Цивья тогда не знала этого, но Мордехай Анелевич моментально приказал группе мужчин и женщин из «Юного стража» выйти на улицы и позволить схватить себя, чтобы проникнуть в ряды евреев, которых поведут на umschlagplatz[386]. Подойдя к углу улиц Ниская и Заменхофа, он дал команду – бойцы выхватили спрятанное оружие и открыли огонь по немцам, шедшим в оцеплении. Бросая в них гранаты, товарищи Анелевича кричали людям, чтобы те бежали. Некоторые последовали призыву. По словам Владки Мид: «Депортируемые массово набросились на немецких полицейских, пустив в ход руки, ноги, ногти, зубы»[387].

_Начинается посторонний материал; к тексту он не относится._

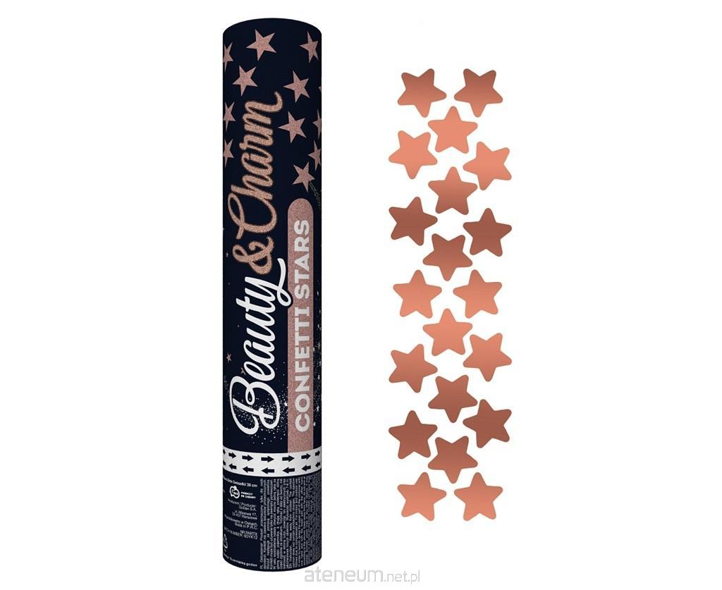 Konfetti tuba strzelająca GWIAZDKI, różowe złoto - 30 cm Kolor: różowe złoto Wzór: gwiazdki Ilość sztuk: 1 tuba strzelająca Długość tuby: 30 cm Kolekcja: Beauty&Charm Producent: Godan S.A. Po przekręceniu z tuby wylatuje konfetti tworząc widowiskowy efekt. Konfetti pneumatyczne nie zawiera ładunków pirotechnicznych. Wyrzut następuje za pomocą sprężonego powietrza. Produkt przeznaczony tylko dla osób dorosłych. Konfetti w kształcie gwiazdek w tubie z ekskluzywnej kolekcji Beauty&Charm to wyjątkowo wystrzałowa dekoracja! Przekręć strzelającą tubę i pozwól by oczarował Was złoto różowy deszcz wirujących gwiazdek. Mniej nie zawsze znaczy więcej, a strzelające tuby są tego najlepszym dowodem. Wystrzelcie na imprezie trzy lub nawet cztery tuby z konfetti w jednym momencie i przekonajcie się same.
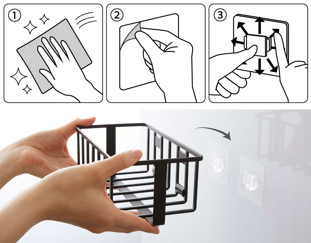 1.フィルムフックを貼る接地面のゴミ、汚れ、水あか、水分、油分などをしっかり拭き取り、乾かします。
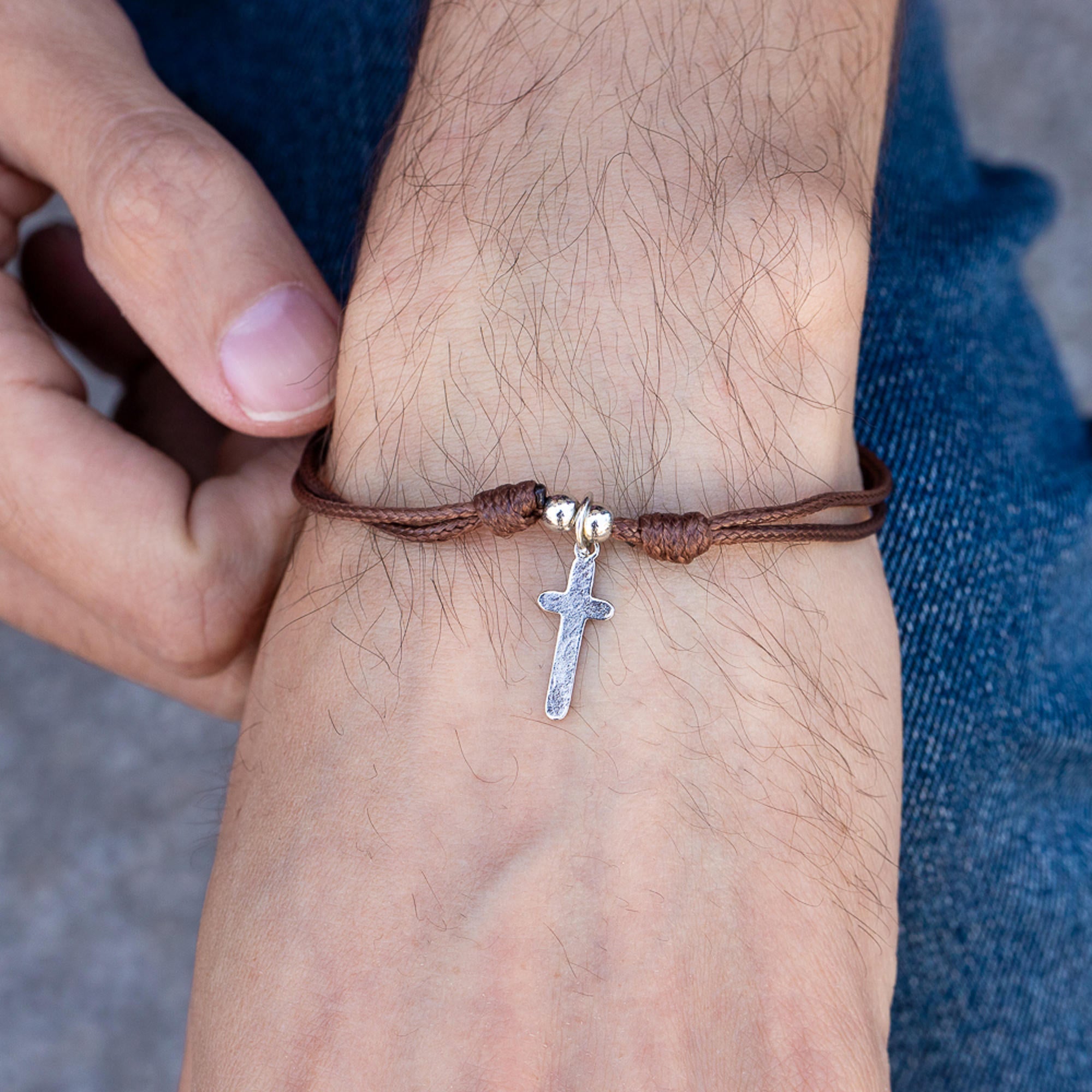 Pulsera de hilo ajustable encerado con cruz lisa 2mm

Немцы были ошарашены. «Евреи в нас стреляют!» В этой суматохе молодые бойцы действительно продолжали пальбу.

Но нацисты быстро пришли в себя и нанесли ответный удар. Нечего и говорить, что несколько пистолетов горстки мятежников не шли ни в какое сравнение с огневой мощью немцев. Солдаты рейха погнались за бойцами ŻOB’а, которым удалось убежать. Увернувшись от пуль, Анелевич выхватил ружье у одного из немцев, укрылся в ближайшем доме и продолжал стрелять оттуда. Какой-то еврей, прятавшийся в подвале, втянул его к себе. Уцелели только Анелевич и одна девушка. Результат оказался трагическим, но резонанс от действий бойцов – оглушительным: евреи постреляли немцев!

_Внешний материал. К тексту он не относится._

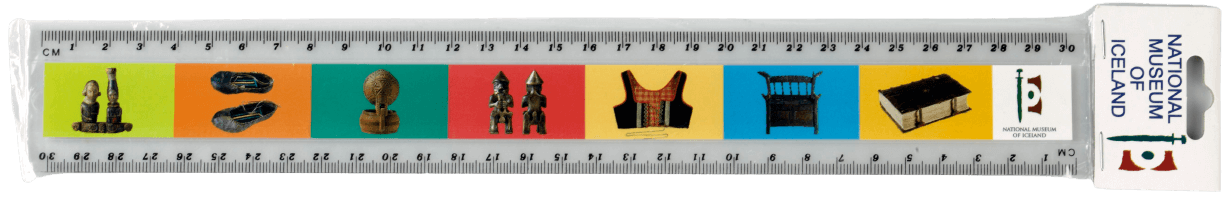 Ruler, two types. One with black and white photographs from the National Museum of Iceland Photo gallery. The other one decorated with photographs of main artefacts from the museum.

Другой вступившей в действие была группа Цивьи. Эта группа под командованием Антека и еще двух молодых людей избрала другую тактику. Большинство оставшихся евреев попрятались, это означало, что немцы вынуждены были обыскивать дома. Вместо того чтобы вступать в открытый бой, который они, без сомнения, проиграли бы, товарищи Цивьи решили ждать, пока нацисты войдут, и стрелять по ним изнутри. Цивья сообразила, что, действуя из засады, они убьют больше немцев.

Она пребывала в боевой готовности на одном из опорных пунктов «Свободы», в жилом доме 56–58 по улице Заменхофа. Сорок мужчин и женщин заняли в нем свои позиции. У них имелось четыре гранаты и четыре ружья на всех. Большинство были вооружены всего лишь железными прутьями, палками и самодельными зажигательными бомбами, сделанными из лампочек, наполненных серной кислотой.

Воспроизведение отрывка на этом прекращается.